We conclude special instruction 41 was erroneous and it was prejudicial.[5]


III. DISPOSITION


The judgment is reversed and the case is remanded to the trial court for further proceedings on the issue of punitive damages. Appellant shall recover her costs on appeal.


_________________________


Jones, P.J.


We concur:


________________________


Gemello, J.


________________________


Reardon, J.*


*Judge of the Superior Court of Alameda County, assigned by the Chief Justice pursuant to article VI, section 6 of the California Constitution.


Publication Courtesy of California lawyer directory.


Analysis and review provided by Escondido Property line attorney.


[1] Paul Revere Life Insurance Company was purchased by Provident Companies, Inc. Provident then merged with Unum Corporation to form UnumProvident Corporation. For the remainder of this opinion, unless the context requires more specificity, we will refer to Dr. Valente’s insurance company as UnumProvident.


[2] One of the “mistakes” UnumProvident acknowledged was its processing of Dr. Valente’s future income option (FIO) request. Dr. Valente applied for and received FIO increases in 1993, 1995 and 1997. However, when Dr. Valente applied for another increase in 1999, her request was denied. UnumProvident initially took the position that it had denied Dr. Valente’s 1999 request correctly. Later during trial, UnumProvident acknowledged that its denial was a “mistake.”


[3] UnumProvident has paid the judgment and it has not filed an appeal. In this case, we address only the punitive damage issue.


[4] The relevant colloquy is as follows:


“First of all, members of the jury, I’m going to read a portion of Mr. Whitehill’s final argument. And after I read it, so you know what I’m reading, I’m going to strike it. It’s going to be stricken, so you know what it is. It’s going to be stricken, and you’re to regard it as if it was never made. But in order to tell you what it is, I’ve got to read it first. I’m sorry about that, but that’s what I have to do.


“And then I’m going to read you an instruction, and then I think it will be fairly clear from the instruction why I’m doing that. That’s what I’m going to do. So I’m just reading a portion of Mr. Whitehill’s final argument.


“’They set the corporate plan assumption at 108, you know, over industry average because they want to make money, and they’re making the claims center their profit center, and they’re doing it on the backs of people who have cancer, people who have repetitive stress injury, people who have MS.’


“Members of the jury, that portion of the argument is stricken. It’s to be regarded as if it was never made. I’m going to read you an instruction now that I read you before.


“’In deciding whether or in what amount to award punitive damages, you may consider only the specific conduct by defendants that injured Dr. Valente in this case. You may not punish defendant for conduct or practices that did not affect Dr. Valente.
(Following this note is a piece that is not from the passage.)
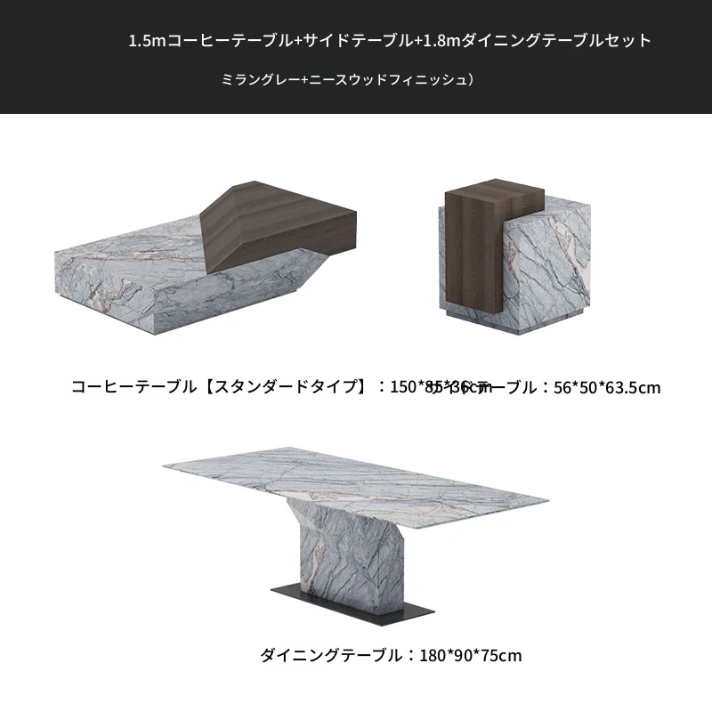 1.8mダイニングテーブル+1.5mコーヒーテーブル【イタリア・ミラングレー】

Even if you believe that such conduct or practices were wrongful or deserving of punishment, the law provides other means to punish wrongdoing unrelated to the harm to Dr. Valente, if any.”


[5] Having reached this conclusion, we need not determine whether other related instructions were also erroneous and prejudicial. Furthermore, we need not address the evidentiary argument Dr. Valente has advanced.





Description Appellant filed a complaint against her insurance company and its corporate successor-in-interest alleging they breached their contract and acted in bad faith when they failed to pay her disability claim. A jury agreed and awarded over $1.1 million in damages and attorney fees. Appellant now appeals claiming the trial court instructed the jury incorrectly on the issue of punitive damages. Court agree and will reverse and remand for further proceedings.